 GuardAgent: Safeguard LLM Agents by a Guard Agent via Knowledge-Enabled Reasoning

************

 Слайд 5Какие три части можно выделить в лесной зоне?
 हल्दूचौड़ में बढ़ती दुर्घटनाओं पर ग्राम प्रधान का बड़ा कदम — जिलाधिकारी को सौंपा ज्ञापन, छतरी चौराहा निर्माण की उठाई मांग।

************

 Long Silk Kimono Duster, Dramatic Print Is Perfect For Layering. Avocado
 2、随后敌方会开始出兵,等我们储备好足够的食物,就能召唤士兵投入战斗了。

************

» **EXERCISE DIRECTIONS**: For this task, write out exactly the lines of the entries above, starting at the line with "Long Silk Kimono" and ending at the line with "2、随后敌方会开始出兵,等我们储备好足够的食物,就能召唤士兵投入战斗了。", both included, and no others.

» **EXERCISE RESPONSE**:
 Long Silk Kimono Duster, Dramatic Print Is Perfect For Layering. Avocado
 2、随后敌方会开始出兵,等我们储备好足够的食物,就能召唤士兵投入战斗了。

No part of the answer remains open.